Analysts Expect Fed To Hold Line

Tuesday, August 22nd 2000, 12:00 am
By: News On 6

WASHINGTON (AP) — With inflation under control and the economy growing at a healthy but less feverish pace than earlier this year, analysts expect the Federal Reserve to hold the line on interest rates Tuesday.

Since June 1999, the Fed has raised rates six times in an effort to slow economic growth enough to keep inflation under control without retarding the economy so much that it brings about a recession.

``The prospects of a Fed rate increase in August look as close to zero as you are ever going to get,'' said Tim O'Neill, chief economist at Harris Bank in Chicago.

Many private economists expected the central bank to repeat its June decision not to boost interest rates. Still, economists believed the Fed would issue a statement telling markets that it is still worried about inflation dangers down the road.

The Federal Open Market Committee, composed of Fed board members and regional bank presidents, was meeting behind closed doors Tuesday to discuss interest rate policy. An afternoon announcement was expected.

With the Fed's sixth rate increase in May, its target for the federal funds rate, the interest banks charge each other, was pushed to 6.5 percent, the highest level in nine years. In June 1999 — before the central bank starting raising rates — the funds rate stood at 4.75 percent.

Those increases boosted banks' prime lending rate, the benchmark for millions of consumer and business loans, to a nine-year high of 9.5 percent, up from 7.75 percent before the Fed's first rate increase 14 months ago.

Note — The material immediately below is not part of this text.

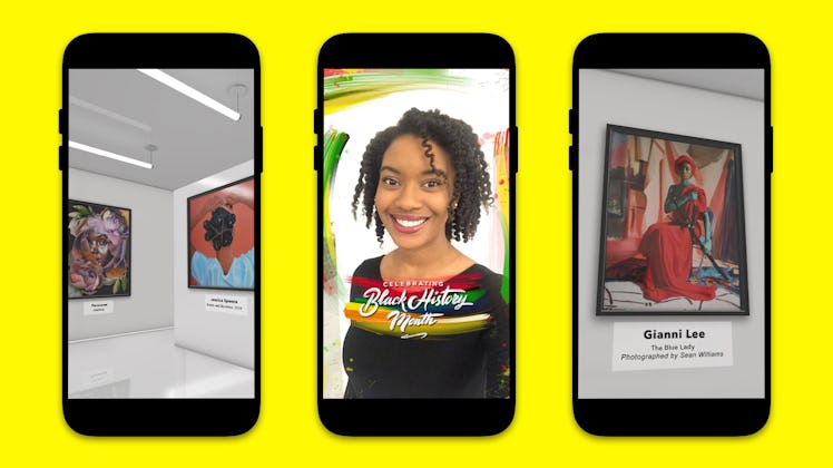 There are so many ways to celebrate Black History Month, from learning about the unsung heroes of Black history to donating to organizations uplifting Black communities. In 2019, many companies are contributing to the conversation around Black History Month in unique ways, including popular social media app Snapchat. Snapchat's celebration of the month not only includes a new lens, but also features an entirely new way to enjoy art. Snapchat's Black History Month virtual gallery is celebrating Black creators in a super inventive way and you'll definitely want to check it out.

The Fed passed up the chance to raise rates a seventh time at its last meeting on June 27-28 and economists believe there are more reasons for the central bank to remain on hold this time around as evidence of a slowdown grows.

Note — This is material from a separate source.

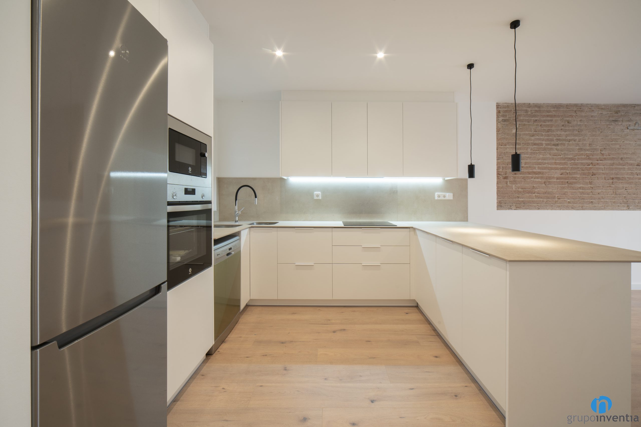 A l’extrem de l’esquerra hem integrat els nous electrodomèstics al moble de cuina. Concretament hi ha espai per a una nevera, un forn i un microones. Tot seguit neix un tram de taulell equipat amb una pica doble i que ofereix superfície de treball. A la part inferior hi ha un buit a mida on hem col·locat el rentaplats.

Many analysts believe the economy, which grew at a surprisingly strong 5.2 percent annual rate in the April-June quarter, has slowed to a growth rate of around 3.5 percent to 4 percent in the current quarter.

In the first seven months of this year, the underlying inflation rate — excluding food and energy, which has shown a big jump this year — has been rising at an annual rate of just 2.6 percent, only slightly worse than last year's 1.9 percent increase in ``core'' inflation.

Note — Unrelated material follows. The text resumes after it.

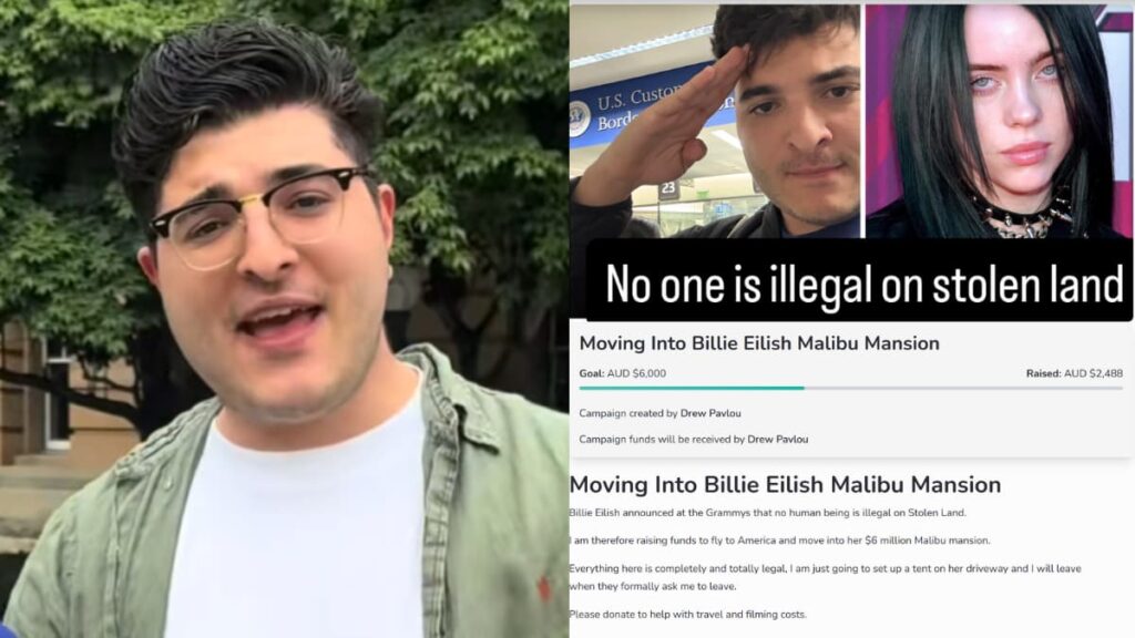 A man is planning to fly across the globe to move into Billie Eilish’s mansion in Malibu, California, and is raising funds to achieve his goal. This comes in direct response to the singer’s Grammys speech, where she declared that “no one is illegal on stolen land.”

A major factor in the tame inflation picture has been strong gains in productivity, increased output per hour of work, which allows pay increases without accompanying increases in product prices.

``We are able to have our cake and eat it, too,'' said Sung Won Sohn, chief economist for Wells Fargo in Minneapolis. ``I think the Fed is likely to take a pass on raising rates.''

The most optimistic economists believe the Fed is close to declaring total victory in its 14-month campaign to engineer a soft landing for the economy.

``I think the Fed tightening cycle is over with,'' said Richard Yamarone, economist for Argus Research Corp in New York. ``For the time being, the coast is clear of inflationary pressures.''

But some economists believe Fed meetings after the presidential election on Nov. 15 and Dec. 19 are likely to produce further interest rate boosts — at one of the two meetings, or perhaps even both.

But with few signs that inflation is getting out of hand, the Fed has the luxury of waiting, economists said.

If it has the option, the Fed traditionally prefers to lay low during the heat of presidential campaigns in an effort to avoid accusations that its decisions on the economy are being made to help or hurt a particular candidate.

Because of that, most economists believe the Fed is likely to leave interest rates unchanged at its Oct. 3 meeting, which is only five weeks before the Nov. 7 presidential election.

David Wyss, chief economist at Standard and Poor's DRI in Lexington, Mass., said it was looking more likely that the Fed has achieved something no other central bank has been able to do: two consecutive soft landings for the economy.

In 1994-95, the Fed raised interest rates seven times in a successful effort to keep inflation under control and give new life to an expansion that is now in a record 10th year of uninterrupted growth.

``It looks like a new record. Alan Greenspan will go down as the Tiger Woods of Fed chairmen,'' Wyss said.